#### Task goal
In the data below, begin at the line with "見た目はスタイリッシュですが" and stop after the line with "to ebInterface. |"; output those lines exactly and no pictures.

START Supplied data

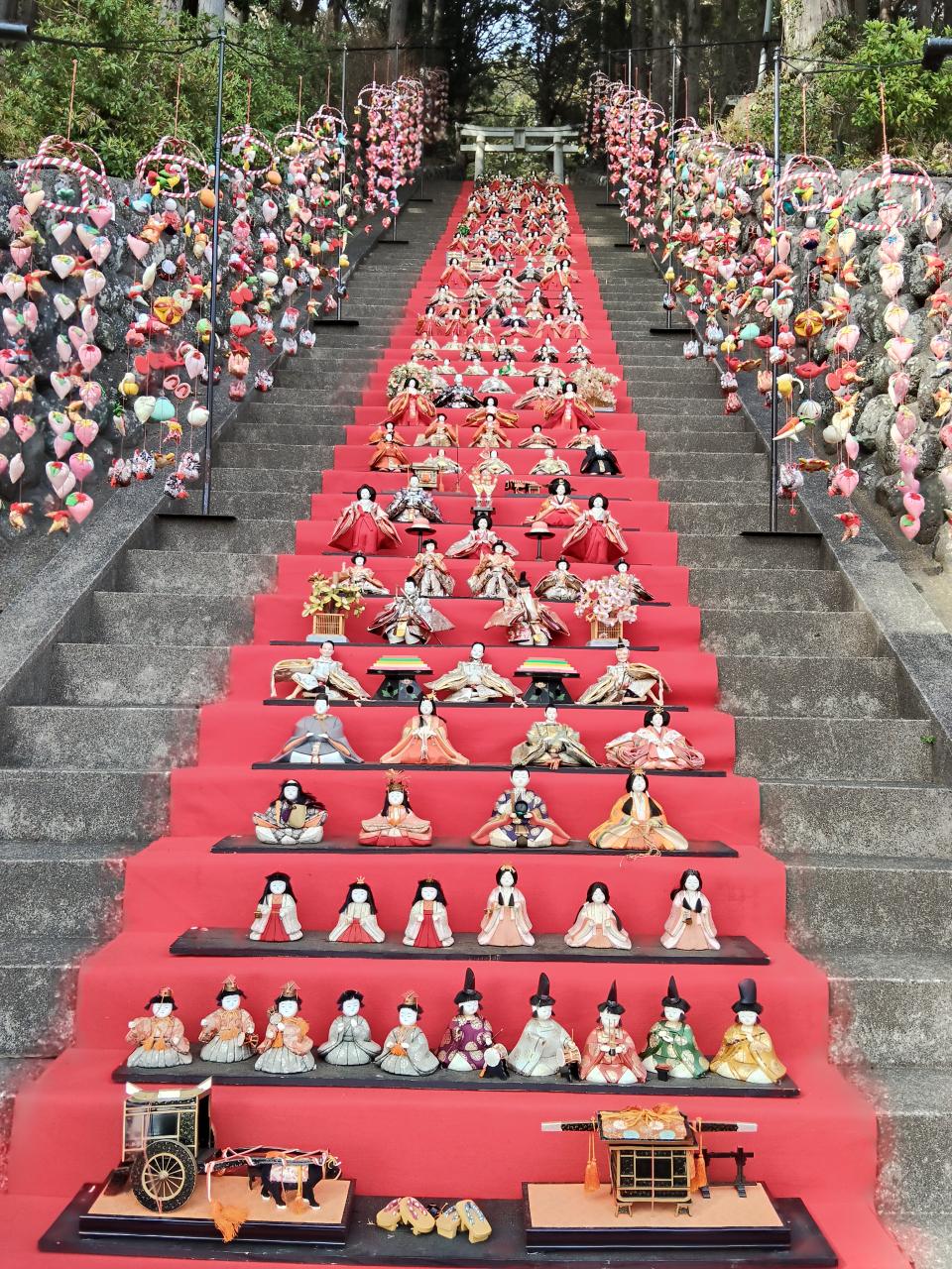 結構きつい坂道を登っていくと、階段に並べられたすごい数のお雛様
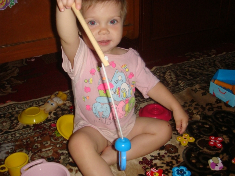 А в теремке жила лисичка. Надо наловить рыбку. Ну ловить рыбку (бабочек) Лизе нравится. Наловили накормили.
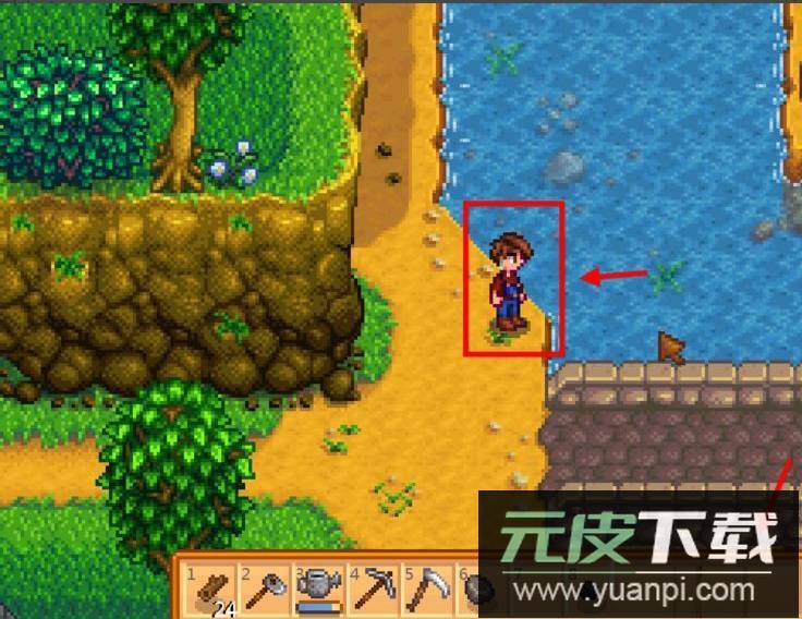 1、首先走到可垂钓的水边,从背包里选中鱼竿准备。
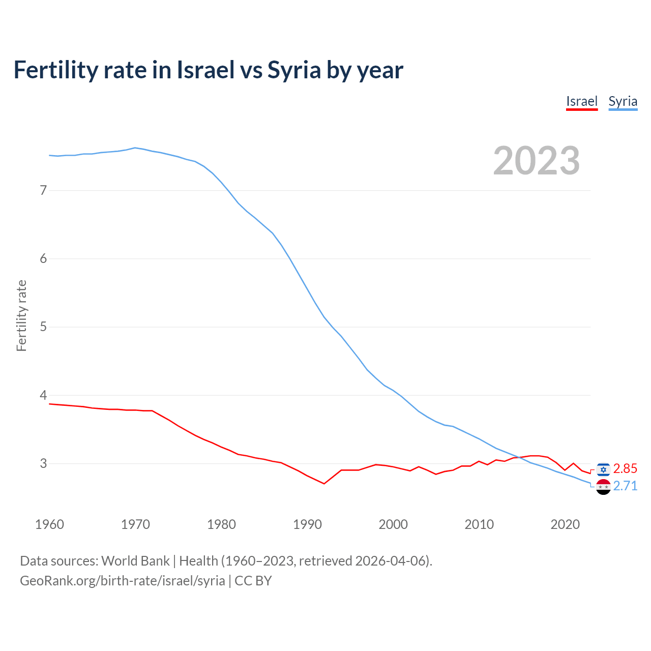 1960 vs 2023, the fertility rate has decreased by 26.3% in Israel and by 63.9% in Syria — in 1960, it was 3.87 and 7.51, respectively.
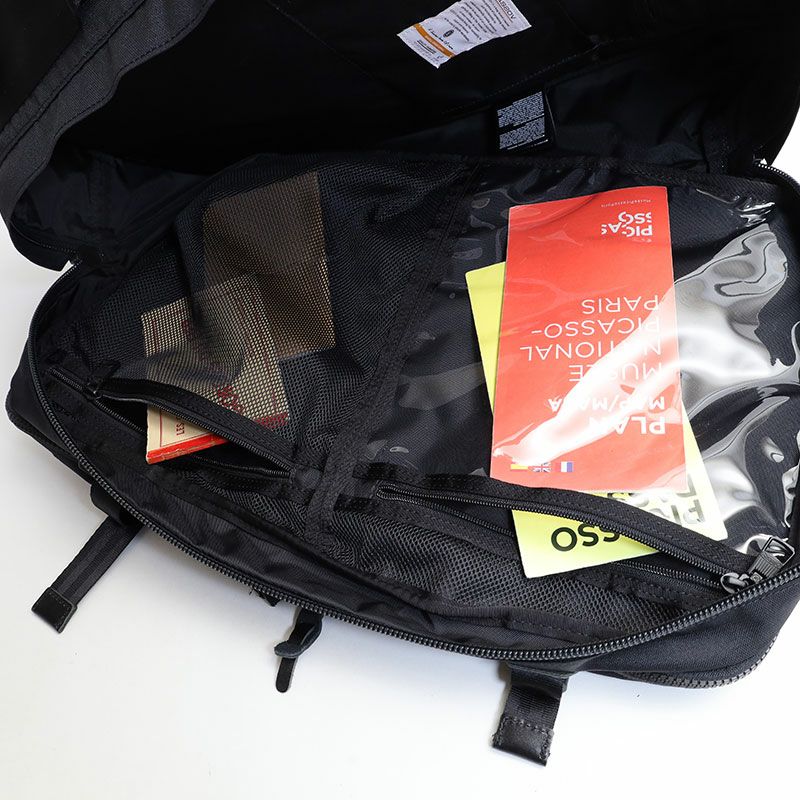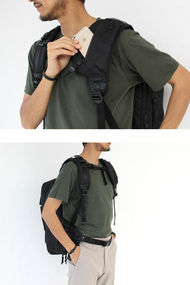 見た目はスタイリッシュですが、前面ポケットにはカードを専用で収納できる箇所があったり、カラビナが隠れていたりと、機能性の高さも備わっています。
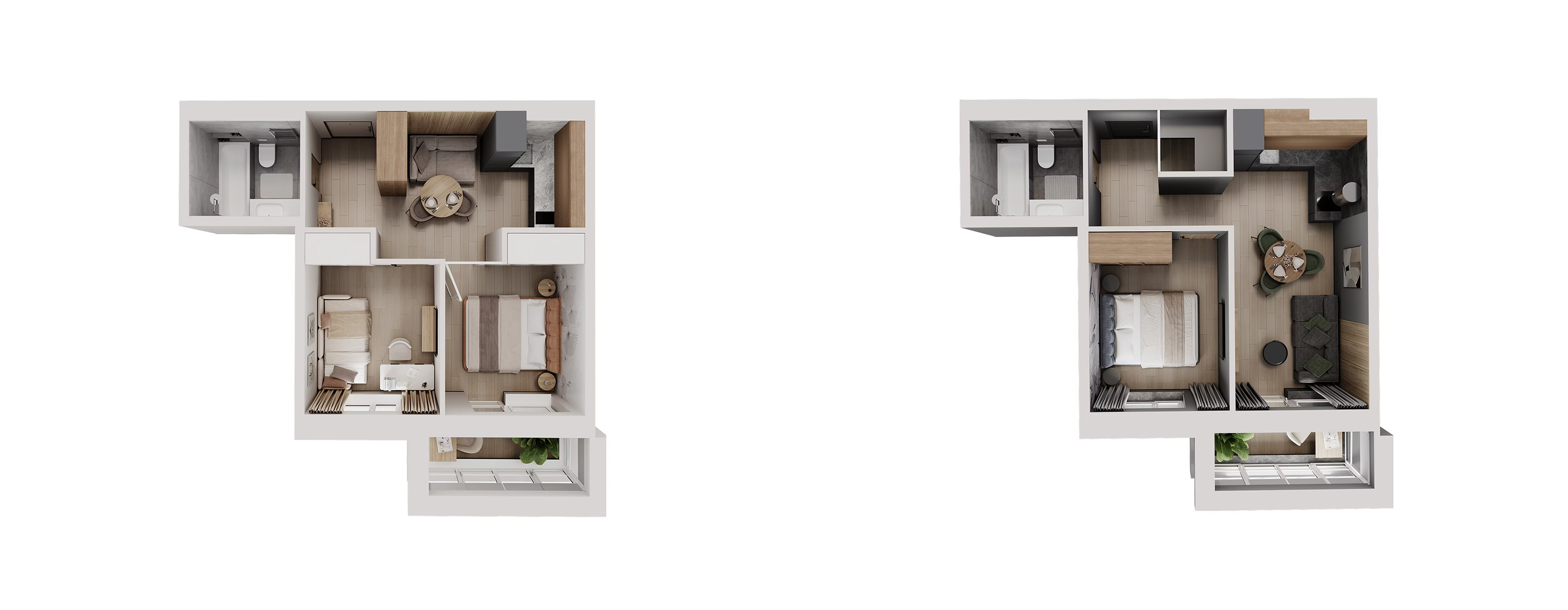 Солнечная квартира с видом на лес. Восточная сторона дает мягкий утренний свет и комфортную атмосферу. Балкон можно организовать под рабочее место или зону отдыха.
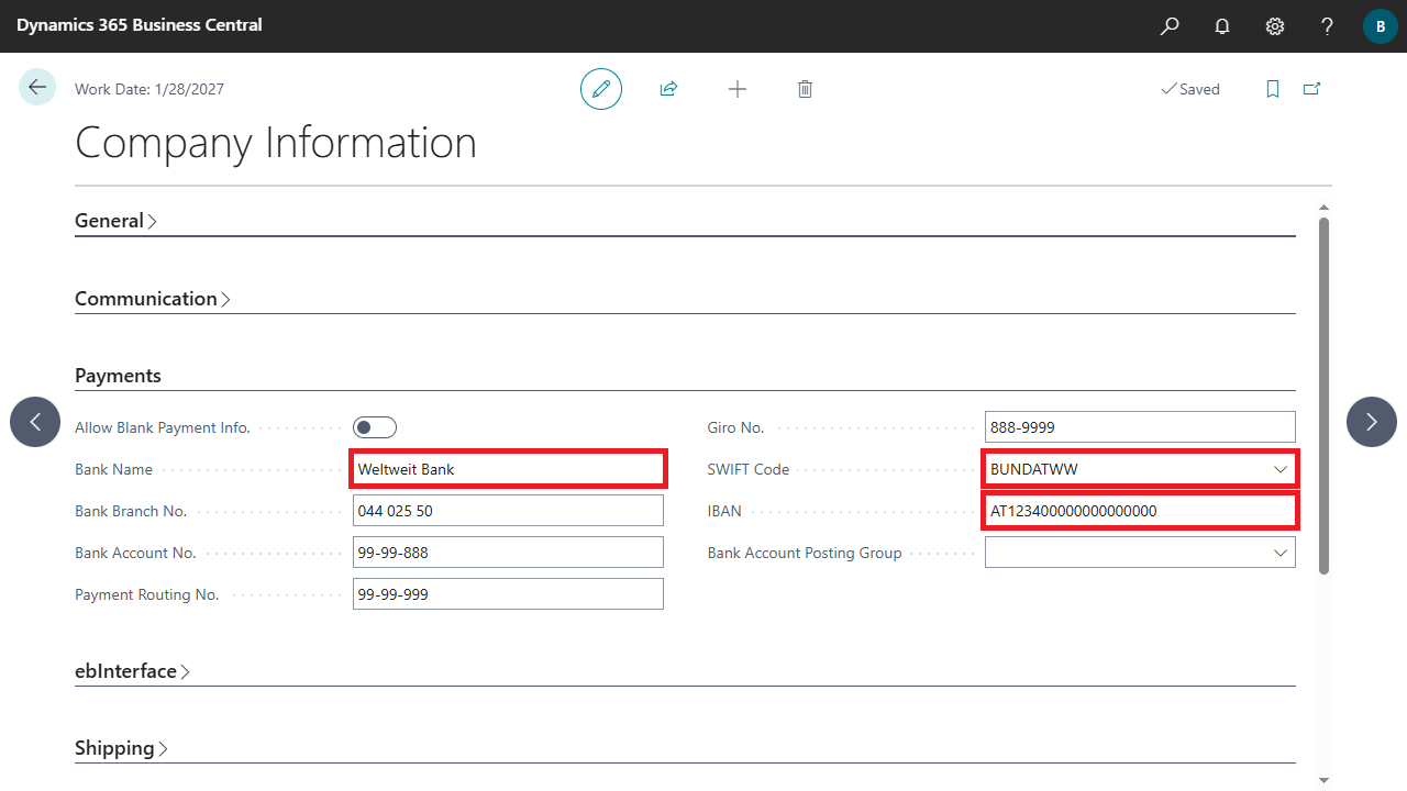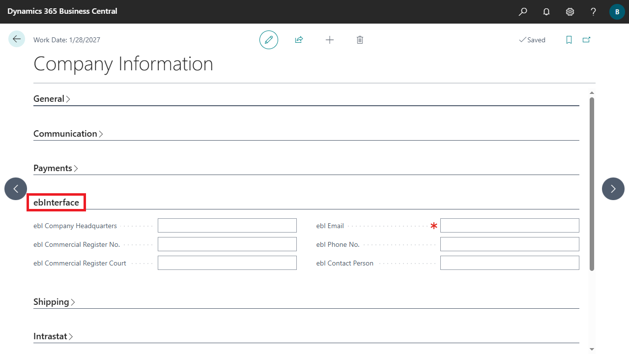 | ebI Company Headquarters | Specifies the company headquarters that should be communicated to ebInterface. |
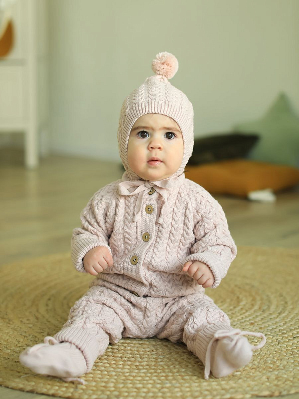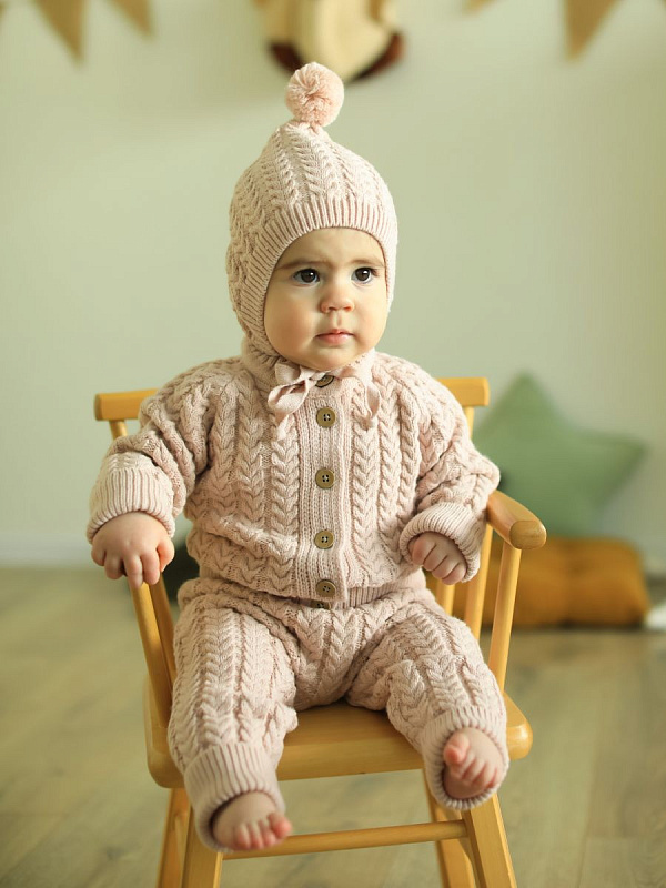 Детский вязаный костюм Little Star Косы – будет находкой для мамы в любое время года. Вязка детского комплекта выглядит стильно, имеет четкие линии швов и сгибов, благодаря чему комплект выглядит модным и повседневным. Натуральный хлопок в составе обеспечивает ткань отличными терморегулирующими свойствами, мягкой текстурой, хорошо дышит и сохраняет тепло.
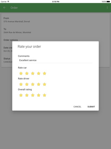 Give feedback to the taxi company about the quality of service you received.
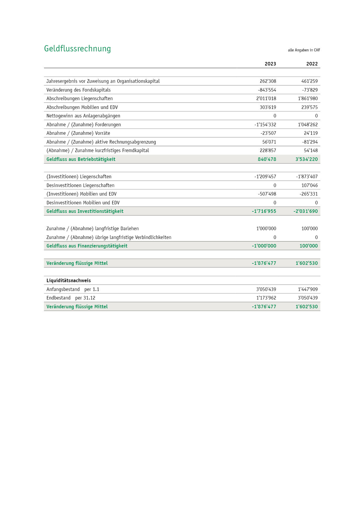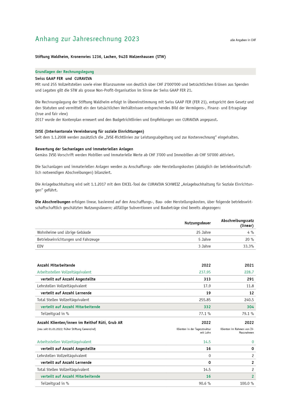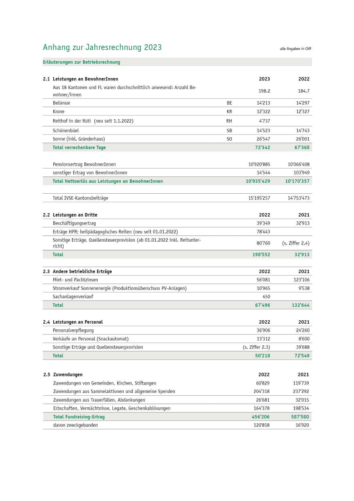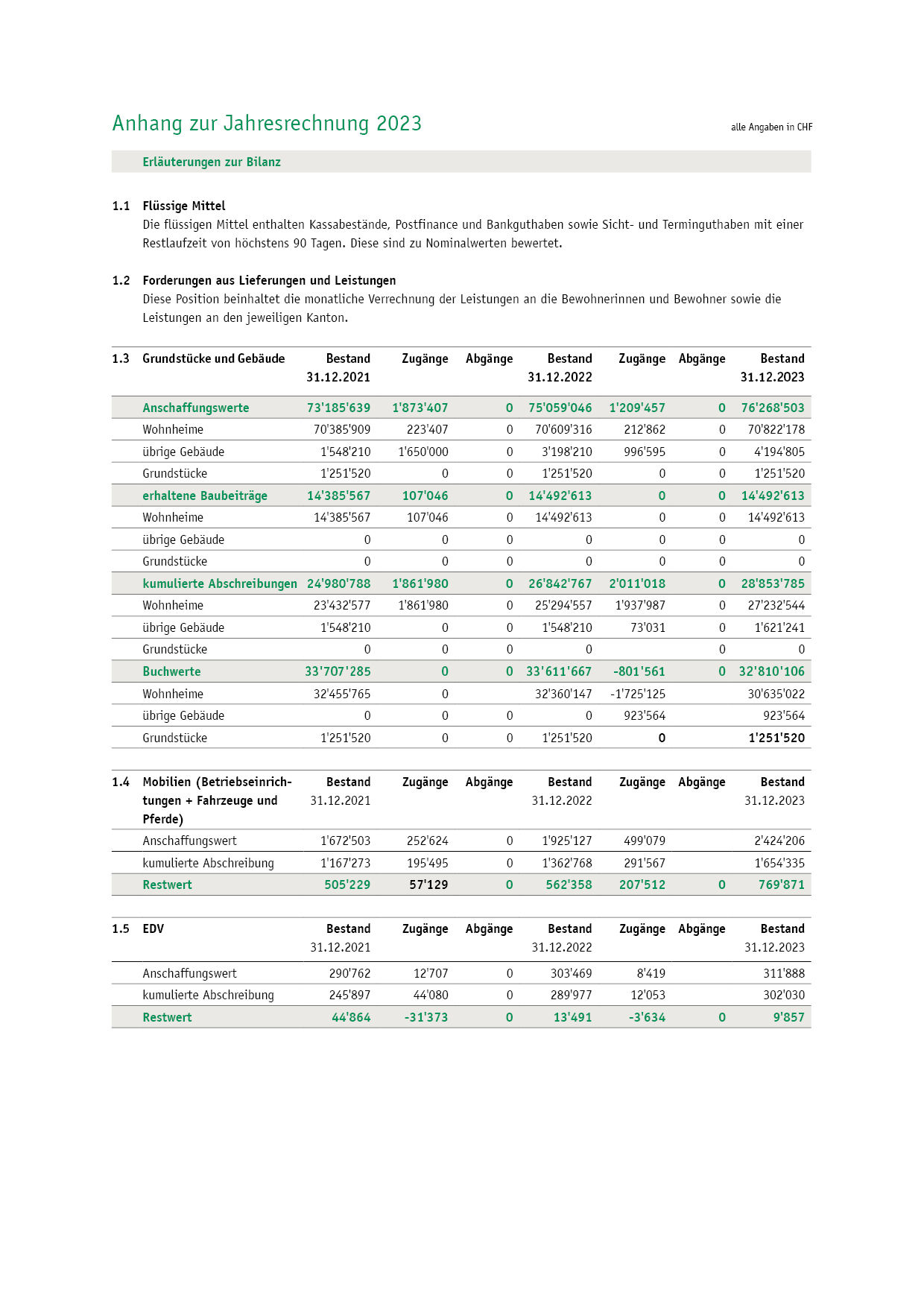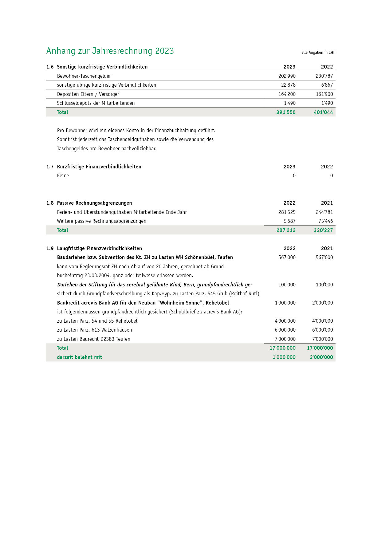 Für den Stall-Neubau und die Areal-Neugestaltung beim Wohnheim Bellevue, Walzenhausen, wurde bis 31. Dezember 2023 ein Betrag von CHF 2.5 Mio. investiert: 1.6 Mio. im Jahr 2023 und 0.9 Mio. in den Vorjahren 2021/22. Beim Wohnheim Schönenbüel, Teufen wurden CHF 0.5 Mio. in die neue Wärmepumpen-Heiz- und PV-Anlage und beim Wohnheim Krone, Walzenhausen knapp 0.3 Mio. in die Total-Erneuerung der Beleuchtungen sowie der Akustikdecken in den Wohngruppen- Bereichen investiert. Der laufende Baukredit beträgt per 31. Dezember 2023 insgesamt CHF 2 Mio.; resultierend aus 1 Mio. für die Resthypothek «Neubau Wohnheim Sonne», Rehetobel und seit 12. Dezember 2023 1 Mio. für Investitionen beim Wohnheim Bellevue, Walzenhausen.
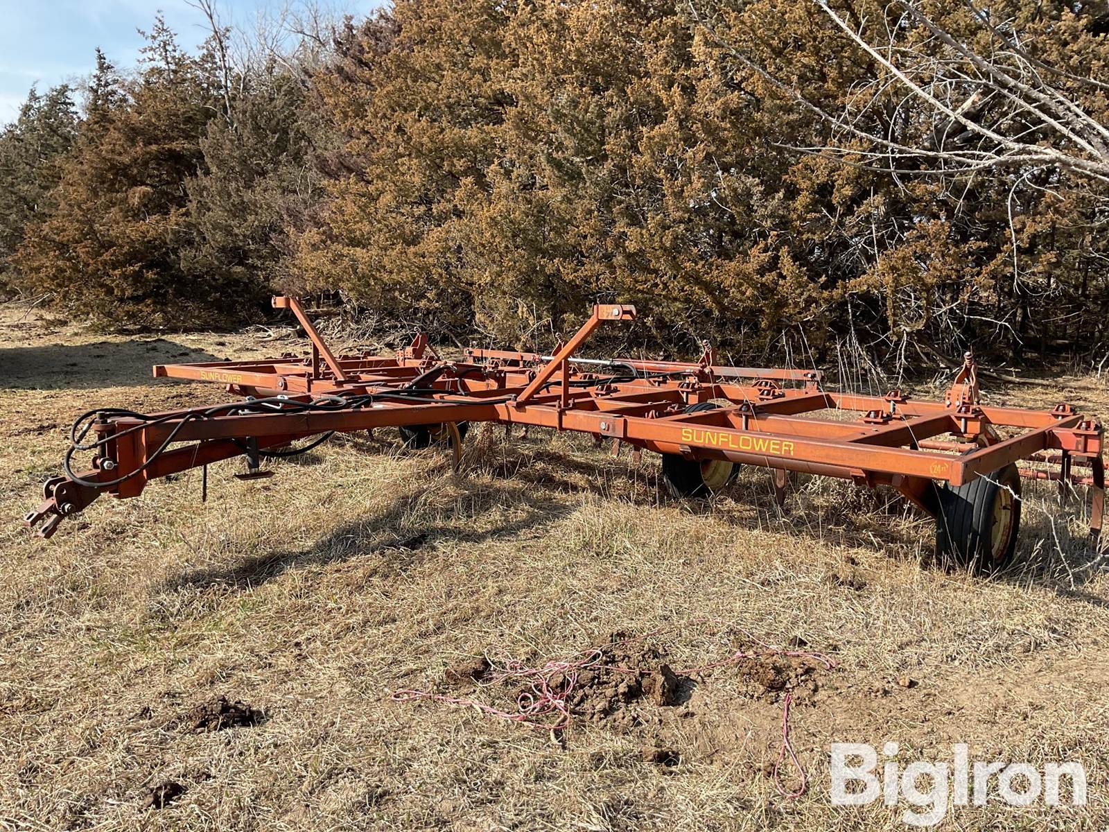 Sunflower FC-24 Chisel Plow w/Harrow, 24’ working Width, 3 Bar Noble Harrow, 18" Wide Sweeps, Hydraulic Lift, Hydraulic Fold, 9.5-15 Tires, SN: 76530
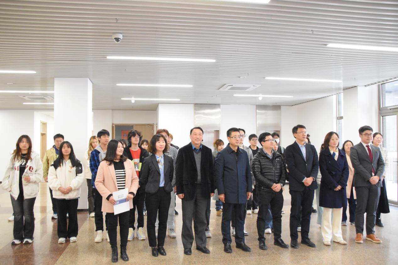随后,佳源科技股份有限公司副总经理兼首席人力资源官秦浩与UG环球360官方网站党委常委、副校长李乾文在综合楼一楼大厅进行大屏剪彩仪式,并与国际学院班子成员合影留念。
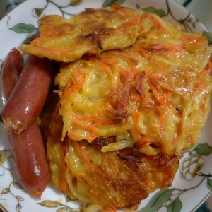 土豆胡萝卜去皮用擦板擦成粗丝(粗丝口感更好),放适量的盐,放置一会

END Supplied data

#### Reply
 見た目はスタイリッシュですが、前面ポケットにはカードを専用で収納できる箇所があったり、カラビナが隠れていたりと、機能性の高さも備わっています。
 Солнечная квартира с видом на лес. Восточная сторона дает мягкий утренний свет и комфортную атмосферу. Балкон можно организовать под рабочее место или зону отдыха.
 | ebI Company Headquarters | Specifies the company headquarters that should be communicated to ebInterface. |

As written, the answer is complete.